GOAL OF THE EXERCISE:
Will you output all of the data below exactly, omitting the images?

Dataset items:
------------------------------------------------------------
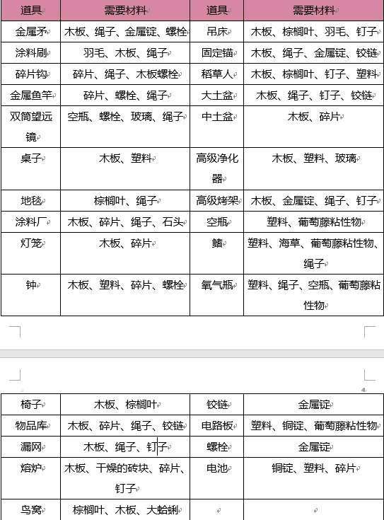 塑料:塑料是建造木筏和制作许多工具的重要材料。漂浮在海面上的塑料瓶和碎片可以用钩子收集。
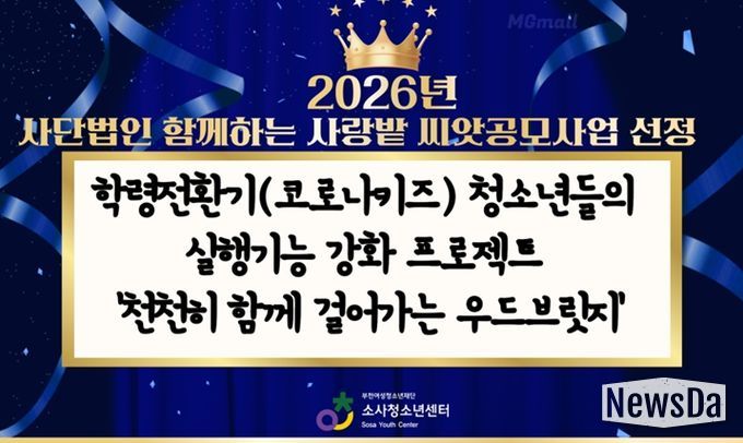 뉴스다 최광묵 기자 | 부천여성청소년재단이 운영하는 소사청소년센터가 사단법인 함께하는 사랑밭 주관 ‘2026년 함께하는 사랑밭 [씨앗공모사업]’ 기획공모 분야에 ‘학령전환기(코로나키즈) 청소년들의 실행기능 강화 프로젝트-천천히 함께 걸어가는 우드브릿지’ 프로그램이 선정됐다.
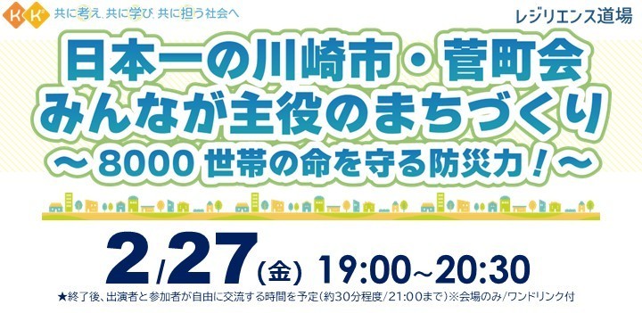 トークライブ開催 日本一の巨大町内会の防災力に学ぶ 「日本一の川崎市・菅町会、 みんなが主役のまちづくり ~8000世帯の命を守る防災力!~」
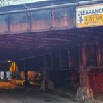 The top of the truck hit a train trestle, causing the crash. Two city workers were inside, and one was taken to the hospital with minor injuries and the other wasn’t hurt, Togneri said.
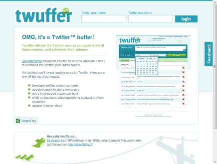 Twuffer biedt de functie om vast vooruit te kunnen twitteren. Op de website van Twuffer (www.twuffer.com) is het mogelijk om tweets in te voeren en een datum plus tijdstip te kiezen om de tweet te laten verschijnen. Er zit zelfs een kalender in de website gebouwd om makkelijk een plaatsingsdatum uit te zoeken. Op de website worden al uw vooruitgeplaatste tweets onthouden, zodat ze op een later moment nog te beheren zijn. Het praktisch nut van Twuffer laat zich aanvankelijk afvragen, maar de praktijkvoorbeelden op de website tonen dat de dienst best toegevoegde waarde biedt. Zo is Twuffer een handige tool voor bijvoorbeeld notificaties, reminders en aankondigingen. Zo kan het Twitter een extra kalenderfunctionaliteit geven, wat erg handig is voor 24-7 twitter-fanatici. Of natuurlijk kunt u ook de schijn ophouden dat u nooit slaapt. Het lijkt erop dat er ook een functie is om tweets in het verleden te plaatsen. Maar helaas, in praktijk blijkt dit trucje niet te werken. Twuffer blijkt dus geen ‘ik heb het je nog gezegd’-dienst.
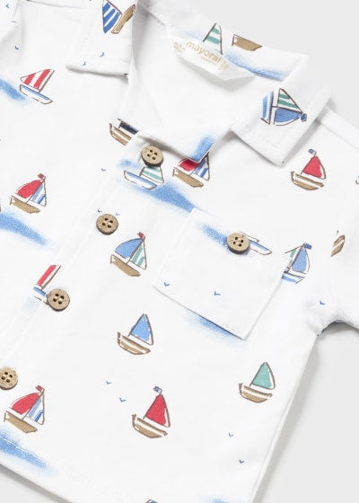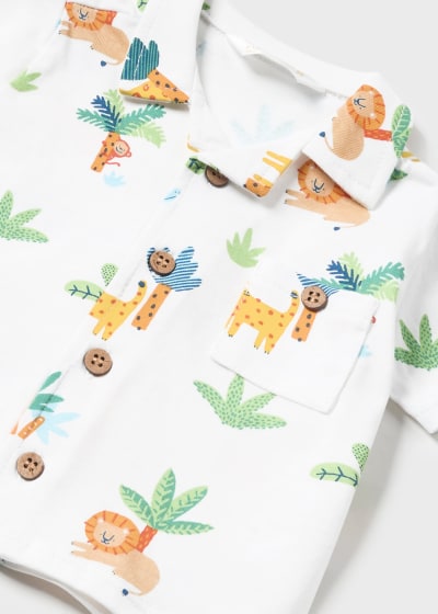 Camiseta de manga corta para recién nacido. Cuello redondo. Botón en el hombro para facilitar la puesta de la prenda. Diseño estampado.
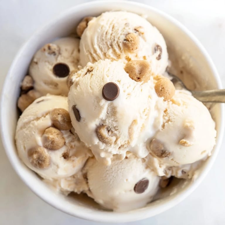 Pin Recipe A creamy, protein-packed ice cream featuring whipped cottage cheese and bursts of edible chocolate chip cookie dough, perfect for a guilt-free frozen treat.
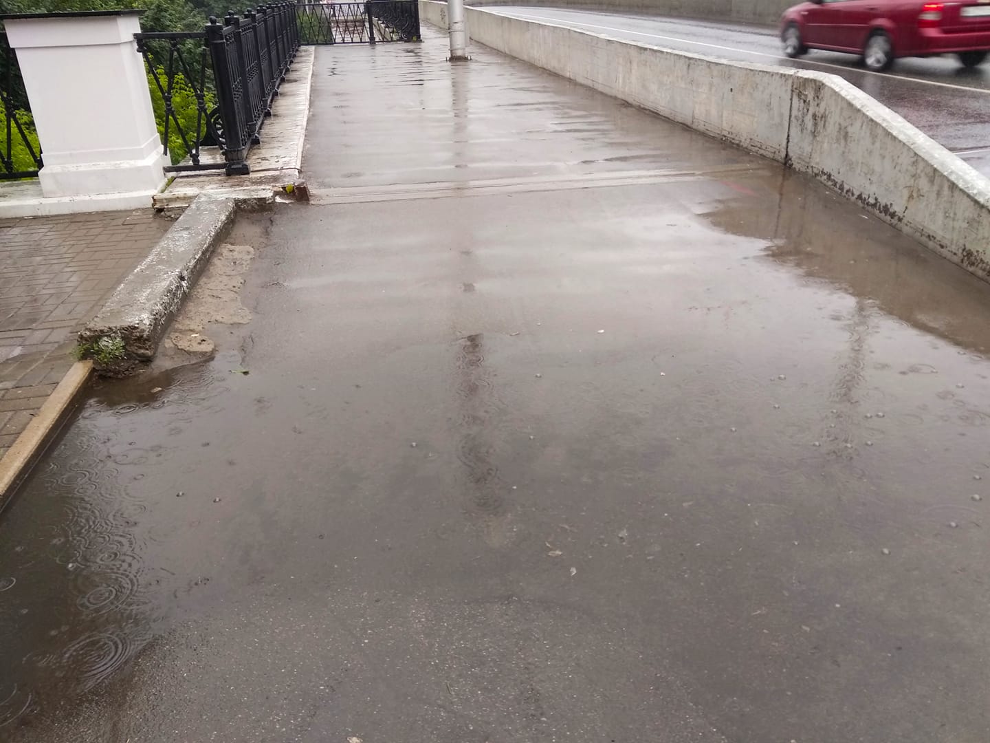 Обратиться к вам меня заставила маленькая проблема. Но она превращается в большую, даже когда идет небольшой дождь, и с ней тогда сталкиваются все, кто идет через Каменный мост в Калуге. Это лужа перед входом на мост со стороны КНИИТМУ. Как свидетельство прилагаю фотографию, где видно, что вода не уходит через решетку ливневки, которая здесь есть, а собирается на асфальте. Это создает большие неудобства для тех, кто проходит по мосту. С одной стороны – проезжая часть, с другой – надо делать зигзаг, чтобы взойти на мост, если не хочешь промочить ноги.Хочу обратить внимание на то, что Каменный мост – уникальный памятник, творение архитектора Никитина. Таких в России больше нет. Его показывают туристам, которые посещают наш город. Но такое отношение к нему огорчает. Я читал, что руководитель области Владислав Шапша следит за критическими замечаниями, которые высказываются жителями в социальных сетях, а ответственные лица на них реагируют. Меня в силу возраста там нет. Но надеюсь, что городские власти или организации, занимающиеся ремонтом тротуаров в Калуге, обратят внимание на данное письмо и приведут это место в порядок.
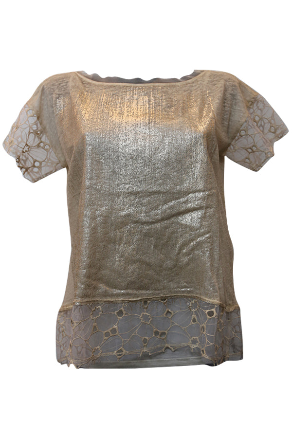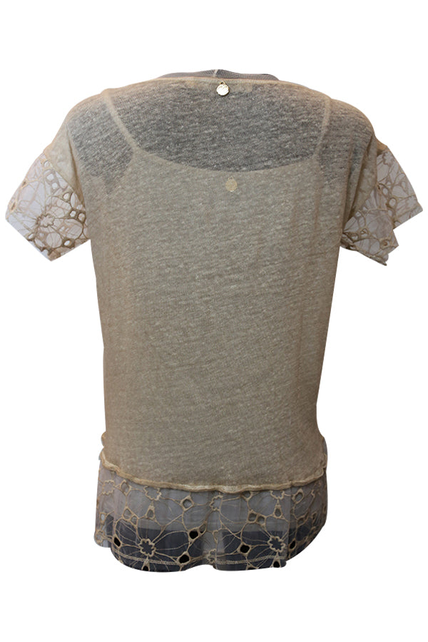 Des manches courtes, une encolure arrondie et une finition voile en dentelle aux manches et à la base du pull Nana Nucci.
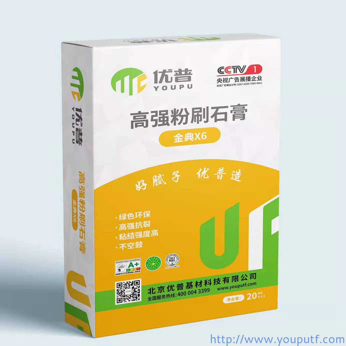 優普“金典X6系列”高強粉刷石膏,是優普公司最新產品,采用進口緩凝技術,與西卡公司長期戰略合作,由高強石膏、均勻細砂、碳酸鈣及添加劑混合而成的新型內墻面基層抹灰材料,具有良好的抗裂、嵌縫、填充和找平功能,適用于混凝土、加氣混凝土、磚混砂漿墻面基層抹灰找平 。綠色環保,歐洲標準,零醛零VOC,通過法國A+認證。
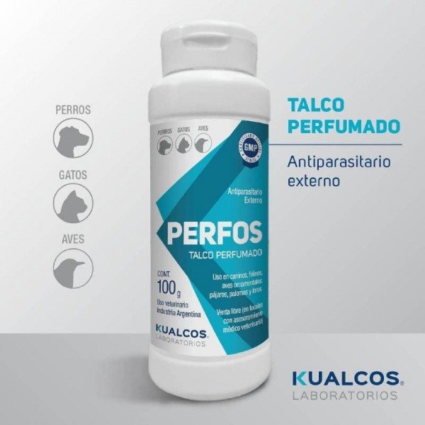 El PERFOS Talco Perfumado es un antiparasitario externo en polvo, presentado en una talquera de 100 g (no 100 ml), diseñado para el control y tratamiento de una amplia gama de ectoparásitos en caninos, felinos y aves ornamentales. Su formulación incluye principios activos como Carbaryl, D-Tetrametrina y Cifenotrina, que actúan de manera eficaz contra pulgas (Ctenocephalides spp.), garrapatas (Riphicephalus sanguineus), piojos y ácaros (en el caso de las aves). El talco se aplica espolvoreando directamente sobre el pelaje o plumaje del animal, asegurándose de que el producto entre en contacto con la piel, y se recomienda repetir el tratamiento una vez por semana o según indicación veterinaria, siendo también útil para aplicar en el lugar de descanso de las mascotas y así complementar el control ambiental.
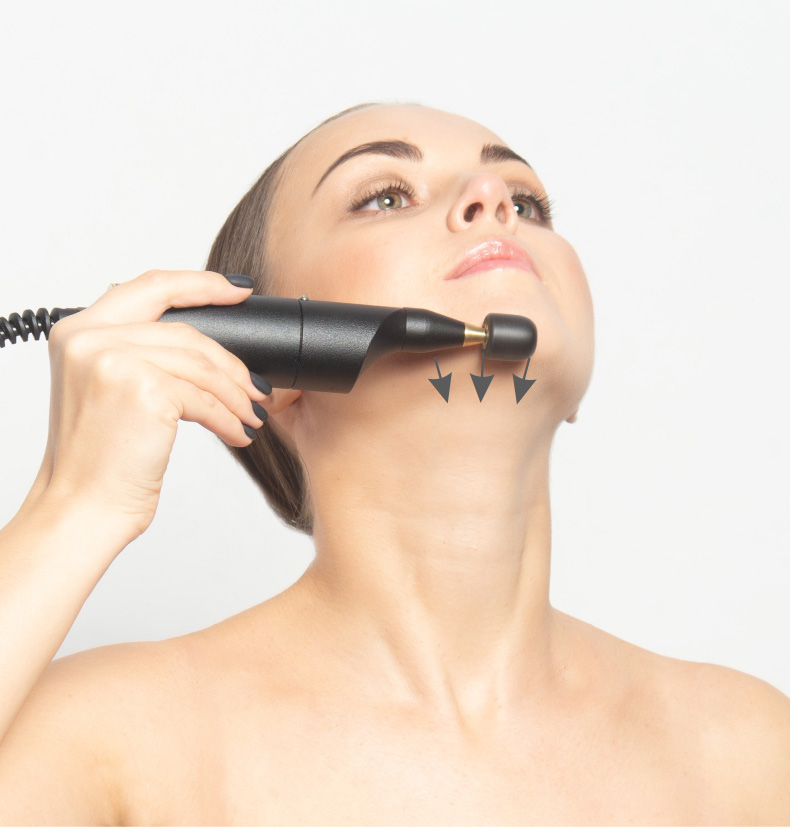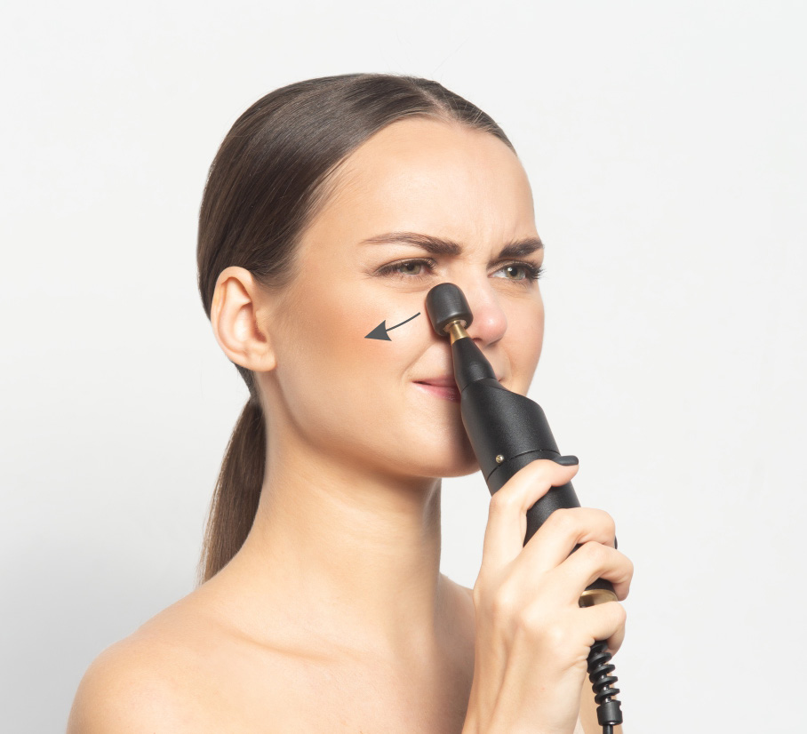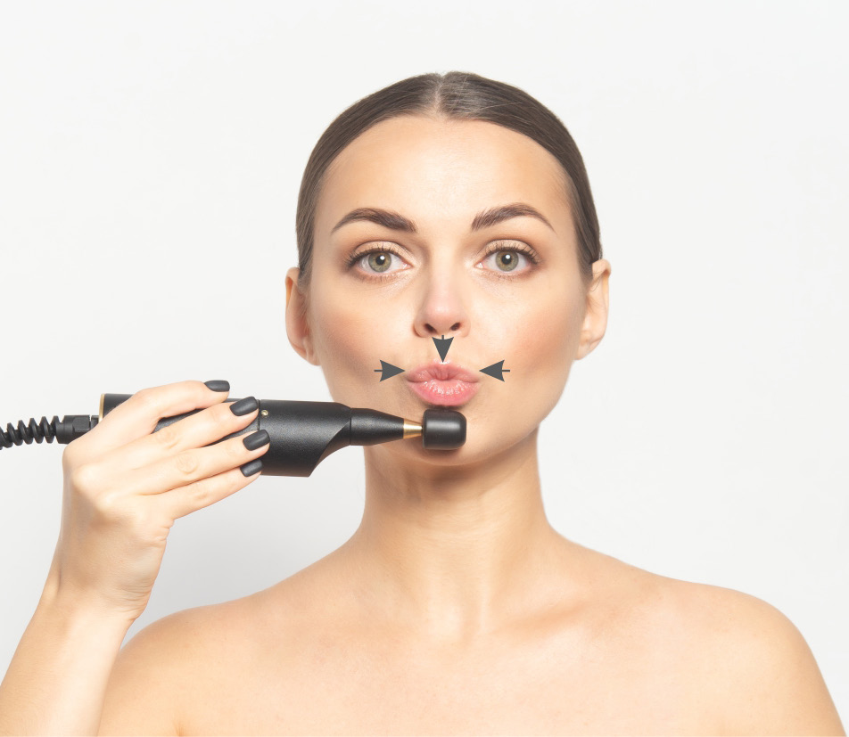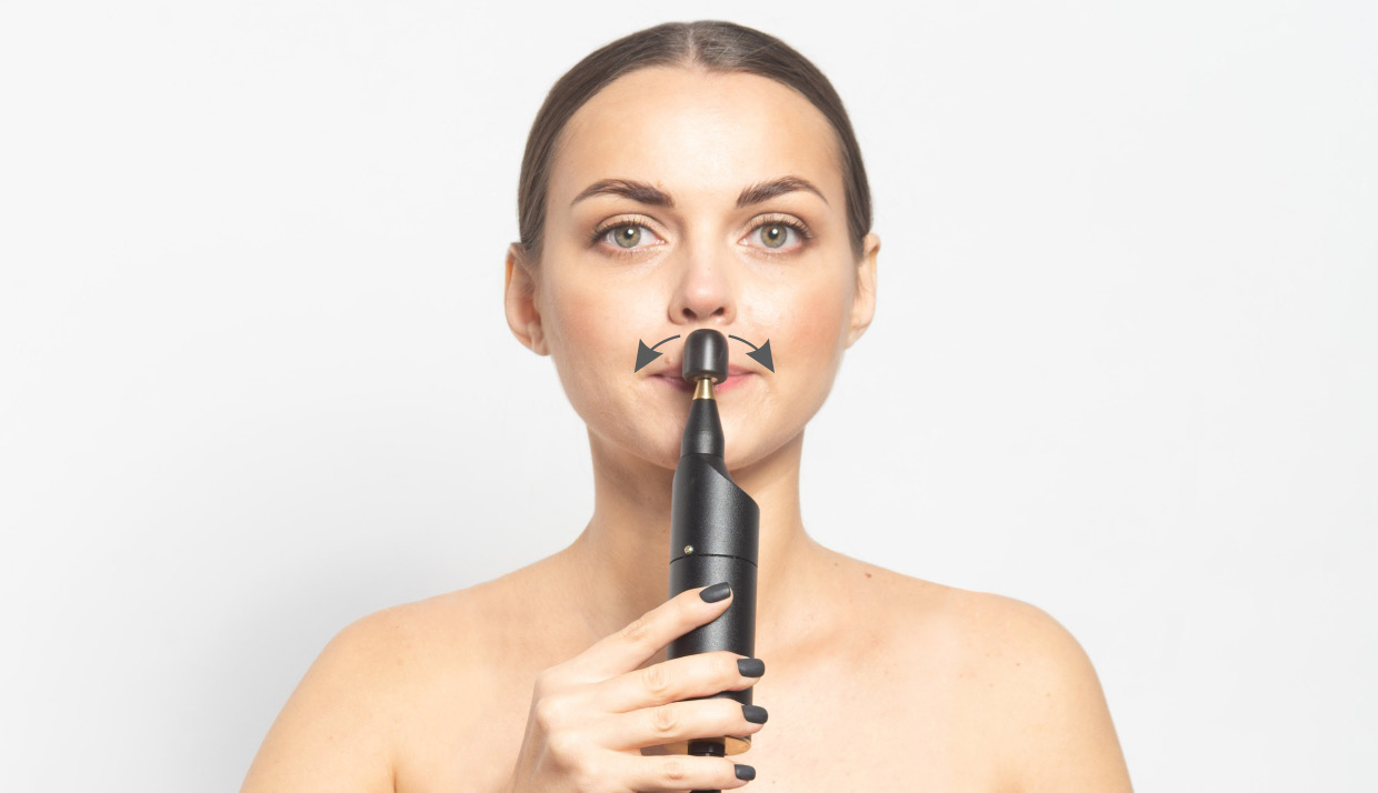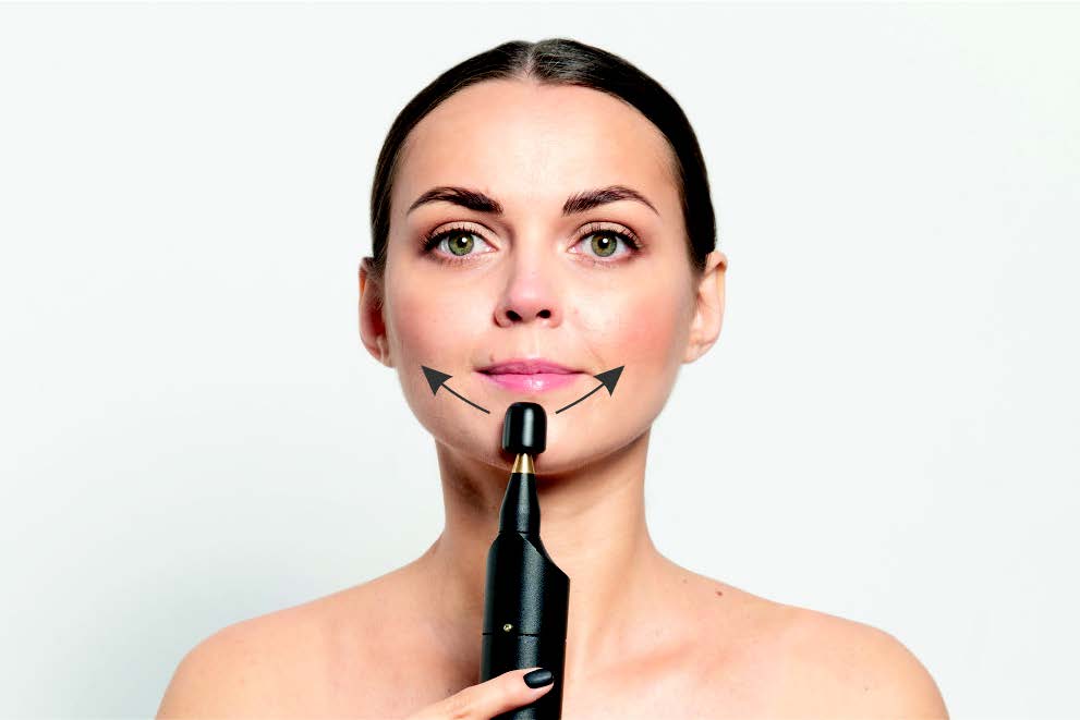 Часть 3. Вибратод вертикально прикладываем в область под верхней губой в центральной части и производим стимуляцию в направлении от центра влево, от центра вправо.
------------------------------------------------------------
REPLY TO THE TASK:
 塑料:塑料是建造木筏和制作许多工具的重要材料。漂浮在海面上的塑料瓶和碎片可以用钩子收集。
 뉴스다 최광묵 기자 | 부천여성청소년재단이 운영하는 소사청소년센터가 사단법인 함께하는 사랑밭 주관 ‘2026년 함께하는 사랑밭 [씨앗공모사업]’ 기획공모 분야에 ‘학령전환기(코로나키즈) 청소년들의 실행기능 강화 프로젝트-천천히 함께 걸어가는 우드브릿지’ 프로그램이 선정됐다.
 トークライブ開催 日本一の巨大町内会の防災力に学ぶ 「日本一の川崎市・菅町会、 みんなが主役のまちづくり ~8000世帯の命を守る防災力!~」
 The top of the truck hit a train trestle, causing the crash. Two city workers were inside, and one was taken to the hospital with minor injuries and the other wasn’t hurt, Togneri said.
 Twuffer biedt de functie om vast vooruit te kunnen twitteren. Op de website van Twuffer (www.twuffer.com) is het mogelijk om tweets in te voeren en een datum plus tijdstip te kiezen om de tweet te laten verschijnen. Er zit zelfs een kalender in de website gebouwd om makkelijk een plaatsingsdatum uit te zoeken. Op de website worden al uw vooruitgeplaatste tweets onthouden, zodat ze op een later moment nog te beheren zijn. Het praktisch nut van Twuffer laat zich aanvankelijk afvragen, maar de praktijkvoorbeelden op de website tonen dat de dienst best toegevoegde waarde biedt. Zo is Twuffer een handige tool voor bijvoorbeeld notificaties, reminders en aankondigingen. Zo kan het Twitter een extra kalenderfunctionaliteit geven, wat erg handig is voor 24-7 twitter-fanatici. Of natuurlijk kunt u ook de schijn ophouden dat u nooit slaapt. Het lijkt erop dat er ook een functie is om tweets in het verleden te plaatsen. Maar helaas, in praktijk blijkt dit trucje niet te werken. Twuffer blijkt dus geen ‘ik heb het je nog gezegd’-dienst.
 Camiseta de manga corta para recién nacido. Cuello redondo. Botón en el hombro para facilitar la puesta de la prenda. Diseño estampado.
 Pin Recipe A creamy, protein-packed ice cream featuring whipped cottage cheese and bursts of edible chocolate chip cookie dough, perfect for a guilt-free frozen treat.
 Обратиться к вам меня заставила маленькая проблема. Но она превращается в большую, даже когда идет небольшой дождь, и с ней тогда сталкиваются все, кто идет через Каменный мост в Калуге. Это лужа перед входом на мост со стороны КНИИТМУ. Как свидетельство прилагаю фотографию, где видно, что вода не уходит через решетку ливневки, которая здесь есть, а собирается на асфальте. Это создает большие неудобства для тех, кто проходит по мосту. С одной стороны – проезжая часть, с другой – надо делать зигзаг, чтобы взойти на мост, если не хочешь промочить ноги.Хочу обратить внимание на то, что Каменный мост – уникальный памятник, творение архитектора Никитина. Таких в России больше нет. Его показывают туристам, которые посещают наш город. Но такое отношение к нему огорчает. Я читал, что руководитель области Владислав Шапша следит за критическими замечаниями, которые высказываются жителями в социальных сетях, а ответственные лица на них реагируют. Меня в силу возраста там нет. Но надеюсь, что городские власти или организации, занимающиеся ремонтом тротуаров в Калуге, обратят внимание на данное письмо и приведут это место в порядок.
 Des manches courtes, une encolure arrondie et une finition voile en dentelle aux manches et à la base du pull Nana Nucci.
 優普“金典X6系列”高強粉刷石膏,是優普公司最新產品,采用進口緩凝技術,與西卡公司長期戰略合作,由高強石膏、均勻細砂、碳酸鈣及添加劑混合而成的新型內墻面基層抹灰材料,具有良好的抗裂、嵌縫、填充和找平功能,適用于混凝土、加氣混凝土、磚混砂漿墻面基層抹灰找平 。綠色環保,歐洲標準,零醛零VOC,通過法國A+認證。
 El PERFOS Talco Perfumado es un antiparasitario externo en polvo, presentado en una talquera de 100 g (no 100 ml), diseñado para el control y tratamiento de una amplia gama de ectoparásitos en caninos, felinos y aves ornamentales. Su formulación incluye principios activos como Carbaryl, D-Tetrametrina y Cifenotrina, que actúan de manera eficaz contra pulgas (Ctenocephalides spp.), garrapatas (Riphicephalus sanguineus), piojos y ácaros (en el caso de las aves). El talco se aplica espolvoreando directamente sobre el pelaje o plumaje del animal, asegurándose de que el producto entre en contacto con la piel, y se recomienda repetir el tratamiento una vez por semana o según indicación veterinaria, siendo también útil para aplicar en el lugar de descanso de las mascotas y así complementar el control ambiental.
 Часть 3. Вибратод вертикально прикладываем в область под верхней губой в центральной части и производим стимуляцию в направлении от центра влево, от центра вправо.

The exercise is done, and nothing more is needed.